After globe-trotting for more than four years, Marie Fabre and Frédéric Escudier settled in Siem Reap, Cambodia, where they built this two-bedroom, 3,000-square-foot home for around $300,000. (Kevin Miller for The New York Times)
By NAOMI LINDT
Published: October 19, 2010
SIEM REAP, CAMBODIA — Settling down was the last thing Marie Fabre and Frédéric Escudier had in mind when they visited Siem Reap, Cambodia, in 2003. They were in the middle of a four-year globe-trotting trip that took them from Cuba to China to Morocco and India.
But this picturesque town here near the Angkor Wat temples lured the French couple back again and again, until they finally made it their permanent home in 2007.
“Siem Reap was so tranquil,” said Mr. Escudier, 48. “We liked the temples, the countryside, the cows and water buffaloes. It seemed like an easy place to live.”
Initially, the couple moved into a basic wooden house. But in 2008, after opening a boutique, the Wa Gallery, where they sell colorful Buddha heads and precious jewelry picked up from their travels, Ms. Fabre was ready for a more comfortable place.
“I told Frédéric, ‘If you want to stay here, we’re going to build a house,’ ” said Ms. Fabre, 53.
Down a dusty, unpaved road a few miles from the town center where they set up their shop, they found a 14,000-square-foot plot filled with palm, mango and tangerine trees. They leased it for 25 years at $200 a month (United States dollars are the de facto currency in Cambodia).
“The tangerines reminded me of Perpignan, where I grew up in the south of France,” Ms. Fabre said.
Though the land came with a house — a traditional Cambodian home on stilts — Ms. Fabre and Mr. Escudier said they wanted something that was more modern, airy, light, and simple, yet full of personality. They decided to leave the original home intact and hired an architect to build an adjacent structure.
“We had a general idea of what we wanted, but we needed someone to put our ideas down on paper,” Ms. Fabre said.
To ensure the result matched their vision, Mr. Escudier was on site during much of the 11-month, $300,000 construction, which was completed last November. “The plans changed everyday,” he said. “Often, I would have things redone after I saw them built.”
The long, narrow house of 3,000 square feet is divided over two stories, with the couple’s bedroom occupying the upstairs and one large area for the kitchen, living room and a guest room on the ground floor.

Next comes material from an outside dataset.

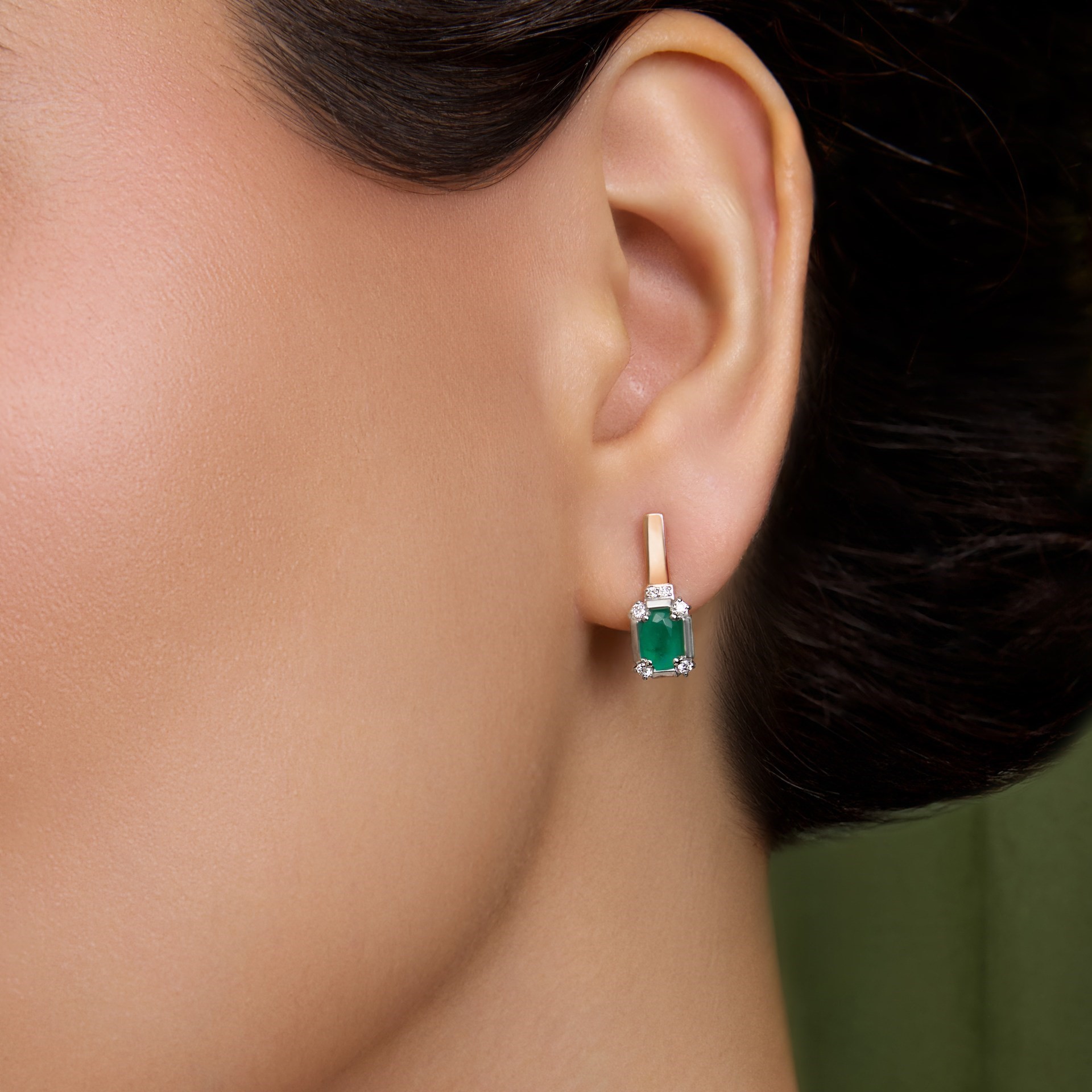 Серьги из золота с бриллиантами и изумрудами

Glass walls accomplished their goal of creating an airy space and take advantage of Cambodia’s abundant sunshine. “Sometimes I have to wear sunglasses indoors,” Ms. Fabre said. The glass walls also create the illusion of bringing the garden inside the home.
Ceilings are 10 feet high and there are few walls and doors — even the two baths are only partially enclosed in semi-circular columns made of glass blocks.
“I don’t like doors,” Mr. Escudier said. “They are like a jail, and I wanted to feel free.”
Nor does he like angles and straight lines. Wherever possible walls bend and the flat, two-tiered roof juts out in curves over the striped, skinny swimming pool, dubbed the “couloir de nage,” or swimming corridor.
Uninspired by the glossy floor tiles used in most homes in Cambodia, Mr. Escudier turned the floor into a huge, white cement canvas, laying circular plastic molds of various sizes and filling them with pink, red and blue pigments.
Other bursts of colors can be seen in neon accent lighting, cherry-red and lime-green Pantone-inspired chairs, and glass vases in a myriad of shapes and hues displayed on vintage cupboards coated in streaks of paint. Fuchsia-and-gold speckled tiles line the 16-foot-long concrete kitchen counter.
“I need to have color everywhere,” Ms. Fabre said. “I can’t live in all white.”
The couple brought their unconventionality to their furniture as well, fashioning a couch from a six-inch thick plank of wood and two flowerpots, while locally purchased glass display cases that Ms. Fabre painted chartreuse, orange, and turquoise stand in for storage.
Though Ms. Fabre and Mr. Escudier have no immediate plans to move, they haven’t forgotten the sense of adventure that brought them here to begin with. “For the moment, this is our place,” he said. “But tomorrow? Well, you never know.”